For teams that want coverage data visible in pull request comments, extend the workflow to post a summary:

name: Test Coverage
on:
 pull_request:
 types: [opened, synchronize]
jobs:
 coverage:
 runs-on: ubuntu-latest
 permissions:
 pull-requests: write
 steps:
 - uses: actions/checkout@v4
 - uses: actions/setup-node@v4
 with:
 node-version: '20'
 cache: 'npm'
 - run: npm ci
 - run: npx vitest run --coverage --reporter=json
 - name: Post coverage comment
 uses: davelosert/vitest-coverage-report-action@v2
 with:
 json-summary-path: coverage/coverage-summary.json

The vitest-coverage-report-action reads the JSON summary file and posts a formatted table as a PR comment. Reviewers can see at a glance whether a PR increases or decreases coverage without downloading artifacts.

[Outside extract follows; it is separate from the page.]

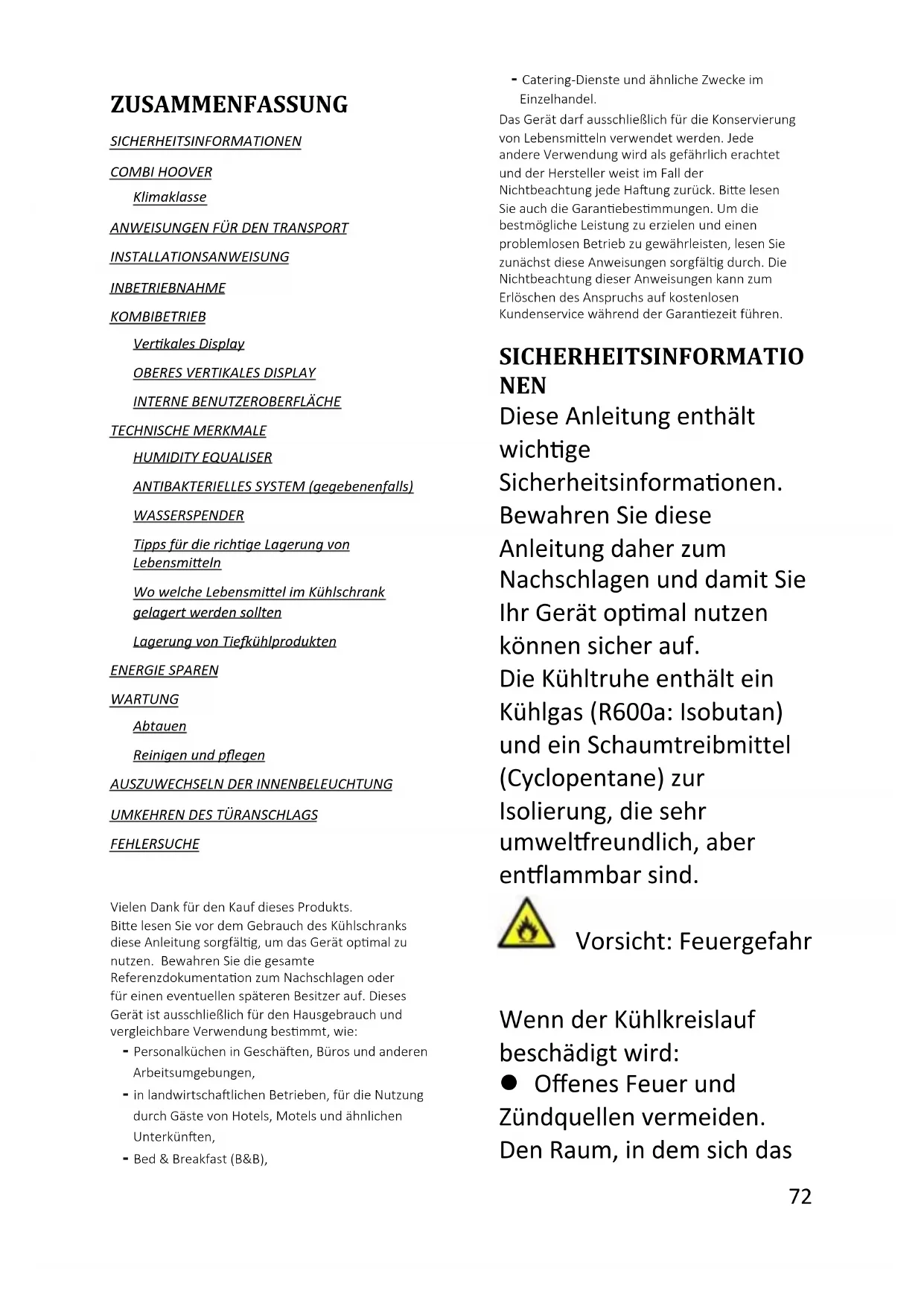 Vielen Dank für den Kauf dieses Produkts. Bitte lesen Sie vor dem Gebrauch des Kühlschranks diese Anleitung sorgfältig, um das Gerät optimal zu nutzen. Bewahren Sie die gesamte Referenzdokumentation zum Nachschlagen oder für einen eventuellen späteren Besitzer auf. Dieses Gerät ist ausschließlich für den Hausgebrauch und vergleichbare Verwendung bestimmt, wie: - Personalküchen in Geschäften, Büros und anderen Arbeitsumgebungen, - in landwirtschaftlichen Betrieben, für die Nutzung durch Gäste von Hotels, Motels und ähnlichen Unterkünften, - Bed & Breakfast (B&B), - Catering-Dienste und ähnliche Zwecke im Einzelhandel. Das Gerät darf ausschließlich für die Konservierung von Lebensmitteln verwendet werden. Jede andere Verwendung wird als gefährlich erachtet und der Hersteller weist im Fall der Nichtbeachtung jede Haftung zurück. Bitte lesen Sie auch die Garantiebestimmungen. Um die bestmögliche Leistung zu erzielen und einen problemlosen Betrieb zu gewährleisten, lesen Sie zunächst diese Anweisungen sorgfältig durch. Die Nichtbeachtung dieser Anweisungen kann zum Erlöschen des Anspruchs auf kostenlosen Kundenservice während der Garantiezeit führen. SICHERHEITSINFORMATIO NEN Diese Anleitung enthält wichtige Sicherheitsinformationen. Bewahren Sie diese Anleitung daher zum Nachschlagen und damit Sie Ihr Gerät optimal nutzen können sicher auf. Die Kühltruhe enthält ein Kühlgas (R600a: Isobutan) und ein Schaumtreibmittel (Cyclopentane) zur Isolierung, die sehr umweltfreundlich, aber entflammbar sind. Vorsicht: Feuergefahr Wenn der Kühlkreislauf beschädigt wird: Offenes Feuer und Zündquellen vermeiden. Den Raum, in dem sich das73 Gerät befindet, gut lüften. WARNUNG! Vorsicht beim Reinigen/Tragen des Geräts, sodass das Metall der Kühlschlaufen nicht berührt wird, da dies Finger und Hände verletzen oder das Gerät beschädigen könnte. Dieses Gerät ist nicht geeignet, um darauf oder darunter weitere Geräte zu stapeln. Nicht auf dem Gerät sitzen oder stehen, da es dafür nicht geeignet ist. Dies könnte zu Personenschäden führen oder das Gerät beschädigen. Darauf achten, dass das Stromkabel während und nach dem Tragen/Verschieben des Geräts nicht darunter stecken bleibt, damit es nicht beschädigt oder zerschnitten wird. Beim Aufstellen des Geräts darauf achten, dass der Fußboden, Leitungen, Wandverkleidungen usw. nicht beschädigt werden. Gerät nicht verschieben, indem an der Klappe oder am Griff gezogen wird. Erlauben Sie Kindern nicht mit dem Gerät zu spielen oder an den Bedienknöpfen herumzuspielen. Unser Unternehmen übernimmt keine Haftung, falls diese Anweisungen nicht befolgt werden. Das Gerät nicht in Umgebungen mit feuchter, öliger oder staubiger Atmosphäre installieren sowie vor direkter Sonneneinstrahlung und Wasser schützen. Das Gerät nicht in der Nähe von Hitzequellen oder entflammbaren Materialien installieren. Bei einem Stromausfall nicht die Klappe öffnen. Dauert der Stromausfall weniger als 20 Stunden an, wird die Tiefkühlware nicht beeinträchtigt. Dauert der Stromausfall länger, sollten die Lebensmittel überprüft und sofort verzehrt oder gekocht und erneut eingefroren werden. Lässt sich die Klappe der74 Kühltruhe schwierig öffnen, nachdem Sie diese gerade geschlossen haben, so ist dies normal. Dies liegt am Druckausgleich, der hergestellt wird. Die Klappe lässt sich normalerweise nach wenigen Minuten wieder öffnen. Das Gerät erst dann an die Stromversorgung anschließen, wenn sämtliches Verpackungsmaterial und Transportschutzvorrichtung en entfernt wurden. Das Gerät vor dem Einschalten mindestens vier Stunden lang stehen lassen, wenn es im Liegen transportiert wurde, damit sich das Kompressoröl absetzen kann. Diese Kühltruhe darf nur für den vorgesehenen Zweck (z.B. Lagern und Einfrieren von Lebensmitteln) verwendet werden. Keine Medikamente oder Materialien für wissenschaftliche Forschungen aufbewahren. Wird Material gelagert, das eine strenge Kontrolle der Lagertemperatur erfordert, so kann sich die Qualität verschlechtern oder es kann eine unvorhergesehene Reaktion auftreten, die zu Risiken führen kann. Vor jedem Eingriff am Gerät den Netzstecker ziehen. Bei der Lieferung überprüfen, ob das Produkt nicht beschädigt ist und ob alle Teile und Zubehör unversehrt sind. Wenn Sie am Kühlsystem ein Leck feststellen, nicht die Netzsteckdose berühren und unbedingt offenes Feuer vermeiden. Das Fenster öffnen und den Raum gut lüften. Wenden Sie sich an den Kundenservice, um das Gerät reparieren zu lassen. Zum Anschluss keine Verlängerungskabel und Adapter verwenden. Das Netzkabel nicht stark spannen oder biegen und den Netzstecker nicht mit nassen Händen berühren. Den Netzstecker und/oder das Netzkabel nicht75 beschädigen - Stromschlag- und Brandgefahr! Ein beschädigtes Netzkabel muss vom Hersteller oder dem zugelassenen Kundendienst oder ähnlich qualifizierter Person ausgewechselt werden, um Gefahren vorzubeugen. Keine brennbaren und hoch flüchtigen Substanzen wie Äther, Benzin, Flüssiggas, Propan, Sprühdosen, Klebstoffe, reinen Alkohol usw. in der Kühltruhe aufbewahren - Explosionsgefahr! In der Nähe der Kühltruhe keine brennbaren Sprays wie z.B. Farbspraydosen aufbewahren. Es besteht Explosions- oder Brandgefahr. Keine Gegenstände oder mit Wasser gefüllten Behälter auf das Gerät stellen. Keine Verlängerungskabel und Mehrfachsteckleisten verwenden. Gerät nicht durch Verbrennen entsorgen. Darauf achten, dass die Kühlschleife des Geräts während des Transports oder im Betrieb nicht beschädigt wird. Bei einer Beschädigung das Gerät keinem offenen Feuer oder möglichen Zündquellen aussetzen und den Raum, in dem sich das Gerät befindet, sofort gut lüften. Das Kühlsystem an der Rückseite und im Inneren des Geräts enthält ein Kältemittel. Es muss daher darauf geachtet werden, die Leitungen nicht zu beschädigen. Im Inneren des Gefriergeräts keine elektrischen Geräte b

Setting Up Coverage Thresholds

Effective threshold configuration balances code quality with practical development velocity. Start with achievable targets and gradually increase them:

export default defineConfig({
 test: {
 coverage: {
 thresholds: {
 lines: 70,
 functions: 70,
 branches: 65,
 statements: 70,
 // Per-file thresholds for critical modules
 'src/core/': {
 lines: 90,
 branches: 85
 }
 }
 }
 }
})

Per-file thresholds are particularly useful for critical modules like authentication, payment processing, or core business logic where you need stricter testing requirements.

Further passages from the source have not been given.